|Publication number||US4010779 A|
|Application number||US 05/560,402|
|Publication date||Mar 8, 1977|
|Filing date||Mar 20, 1975|
|Priority date||Mar 20, 1975|
|Publication number||05560402, 560402, US 4010779 A, US 4010779A, US-A-4010779, US4010779 A, US4010779A|
|Inventors||Lyle W. Pollock, Glenn H. Dale|
|Original Assignee||Phillips Petroleum Company|
|Export Citation||BiBTeX, EndNote, RefMan|
|Patent Citations (5), Referenced by (29), Classifications (6)|
|External Links: USPTO, USPTO Assignment, Espacenet|
In filling tanks such as automobile gas tanks or other tanks with volatile liquids such as hydrocarbons, and, particularly gasoline, vapor comprised primarily of air, water and hydrocarbons, is expelled or displaced from the tank by the filling liquid. The vapor includes the lighter hydrocarbon components which more readily vaporize and are in substantial quantities and are discharged into the atmosphere and lost. Such vapors can pose air pollution problems, such as smog, and can, if dilute with additional air, present a fire hazard because of the combustibility of the vapors and can also present an explosion hazard. However, the vapor within the apparatus is normally outside of the combustible range. For facilities transferring large volumes of liquid, the loss can present a substantial economic loss by loss of the hydrocarbon vapors. Present apparatus for recovering vapors generally require large vapor handling capacity and are generally complicated and expensive. Although same are effective for recovering vapor, they are relatively inefficient and are of larger than necessary capacity.

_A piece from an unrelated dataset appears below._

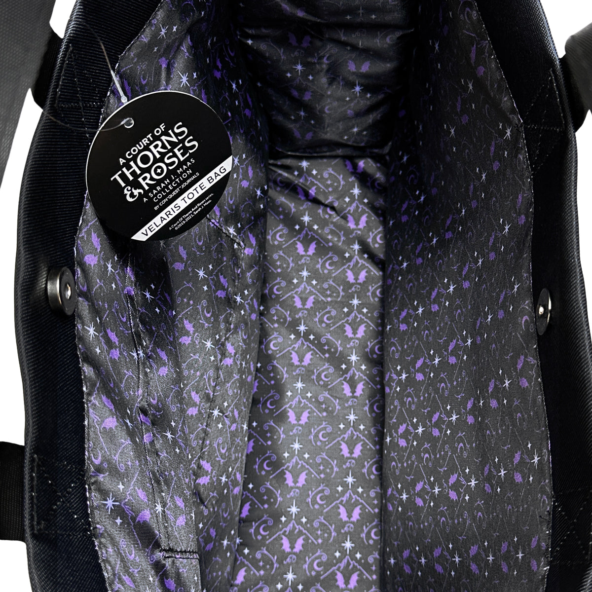We've made the perfect tote bag for shopping the market squares of Velaris and stopping by the House of Wind to grab a book! Featuring our bespoke nod to Velaris artwork, this sturdy Officially Licensed A Court of Thorns and Roses Night Court Tote Bag features twin handles along with a removable 38'' adjustable cross-body strap.

The principal objects of the present invention are: to provide a method and apparatus to recover vapor expelled from a tank during filling of same with a liquid; to provide such a method and apparatus where only a portion of the vapor expelled is processed so as to reduce the operating capacity of the apparatus; to provide such an apparatus wherein water coming in with the vapor is condensed and separated from the liquid hydrocarbon in the apparatus; to provide such an apparatus wherein the vapor is liquefied by liquefying means which effects contact between a liquid phase of a hydrocarbon and hydrocarbon vapor with the liquefaction being effected by at least one of absorption and condensation; to provide such an apparatus wherein the liquid phase and vapor flow cocurrently in the liquefying means; to provide such an apparatus which is pressure controlled and preferably has a positive pressure to prevent leakage of atmospheric air into the system and where pressure is utilized to determine the flow path of vapor; and to provide such an apparatus which is well adapted for its intended use, compact in construction and efficient in operation.
Other objects and advantages of the present invention will become apparent from the following description taken in connection with the accompanying drawings wherein are set forth by way of illustration and example certain embodiments of the present invention.
FIG. 1 is a diagrammatic illustration of a vapor collecting and liquefaction apparatus.
As required, detailed embodiments of the present invention are disclosed herein, however, it is to be understood that the disclosed embodiments are merely exemplary of the invention which may be embodied in various forms. Therefore, specific structural and functional details disclosed herein are not to be interpreted as limiting but merely as a basis for the claims and as a representative basis for teaching one skilled in the art to variously employ the present invention in virtually any appropriate detailed structure.
The reference numeral 1 designates generally a vapor recovery apparatus which includes a conduit 2 which is operable to receive vapor therein for conducting same to vapor liquefaction means 3 via a conduit 4 connected to the conduit 2. The conduit 2 is also connected to a storage tank 5. Means 7 is operably associated with the conduit 2 and 4 to ultimately regulate the flow of vapor to the liquefaction means 3 whereby only a portion of expelled vapor flows to the liquefaction means 3.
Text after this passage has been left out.